Reaction rates are typically expressed in units of molarity per second (M/s). This is a change in concentration over a time interval. Let's first consider the average rate of a reaction. Let's consider the hypothetical reaction as follows:

\(\ce{A -> B}\) How can we express the rate at which B, the product, is produced?

\(\text{Rate Production } B = \frac{[B]_{t2} - [B]_{t1}}{t2 - t1} = \frac{\Delta[B]}{\Delta t}\)

Here, we have the change in concentration of B over the change in time. By convention, a rate is always expressed as positive in chemistry. Let's consider the perspective of the rate from the reactant, A. In this case:

\(\text{Rate Disappearance } A = -\frac{[A]_{2} - [A]_{1}}{t_{2} - t_{1}} = -\frac{\Delta[A]}{\Delta t}\)

Since the concentration of A is decreasing as the reaction proceeds, [A]₂ will be less than [A]₁, and ΔA would be negative.
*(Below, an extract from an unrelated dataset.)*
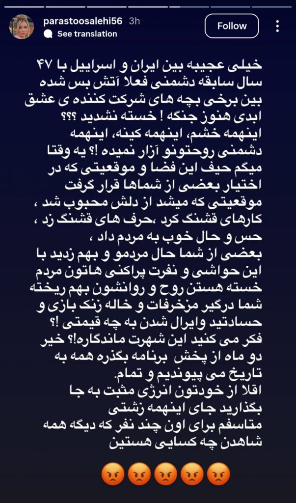 به گزارش انصاف نیوز، پرستو صالحی، مجری برنامهی عشق ابدی در استوری اینستاگرام خود نوشت: «خیلی عجیبه بین برخی بچههای شرکت کنندهی عشق ابدی هنوز جنگه! خسته نشدید؟ این همه خشم اینهمه کینه، اینهمه دشمنی روحتونو آزار نمیده!؟
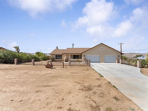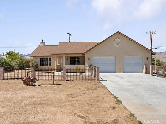 Welcome to 7516 Victoria Ave near Joshua Tree National Park! Amazing Opportunity to own this attractive and fully-fenced single-story SFR Home with upgraded 3 large bedroom, 2 modern bathrooms (1,677 sqft of living space), attached 3-car garage and impressive 18,680 SF Lot size. Perfectly suited on a spacious corner lot! Step inside and appreciate the brand new carpet flooring and painting throughout the living room with a cozy wood burning fireplace. All bedrooms feature new carpeted floors, ceiling fans and large windows. The spacious kitchen features a generous amount of cabinet storage space, and a cute window providing a warm bright environment to cook your favorite meals. Other features include: Central AC & Heat, lovely patio, etc. Highly desirable neighborhood and convenient location, close to the 29 palms Fwy, restaurants, commercial facilities, etc. Don’t miss your dream desert home and a must-see to appreciate! Please watch the video tour: https://www.youtube.com/watch?v=Q6wrkBL3rTA

The negative sign switches the sign, making the rate positive.

Given this, let's consider the following example: At 30 seconds the concentration of A is 0.8 M, and at 80 seconds it is 1.2 M. What is the average rate of this reaction?

\(\text{Average Rate} = -\frac{\Delta[A]}{\Delta t} = -\frac{0.8 \, \text{M} - 1.2 \, \text{M}}{80 \, \text{s} - 30 \, \text{s}} = -\left(-\frac{0.4 \, \text{M}}{50 \, \text{s}}\right) = 0.008 \, \text{M/s}\)

Accounting for Stoichiometry

Let's say the stoichiometry between reacants and products is not 1:1 as in the previous example. Let's consider the reaction between nitrogen monoxide and hydrogen gas to form nitrogen gas and water vapor.

\(\ce{2NO(g) + 2H2(g) -> N2(g) + 2H2O(g)} \)

In this case, for every two moles of NO that react, one mole of nitrogen gas is formed. If we are to experimentally measure the concentration over time for reactants or products, we must account for this stoichometric difference. This can be done by multiplying the coefficients of the species by the reciprocal.

\(\text{Rate} = -\frac{1}{2} \frac{\Delta[\ce{NO}]}{\Delta t} = -\frac{1}{2} \frac{\Delta[\ce{H2}]}{\Delta t} = \frac{\Delta[\ce{N2}]}{\Delta t} + \frac{1}{2} \frac{\Delta[\ce{H2O}]}{\Delta t}\)

In doing this, we have normalized the rates to the stoichiometry of the reaction. It is important to note that this is a simplified model. If there are significant intermediate steps that contribute to the rate then this will not hold.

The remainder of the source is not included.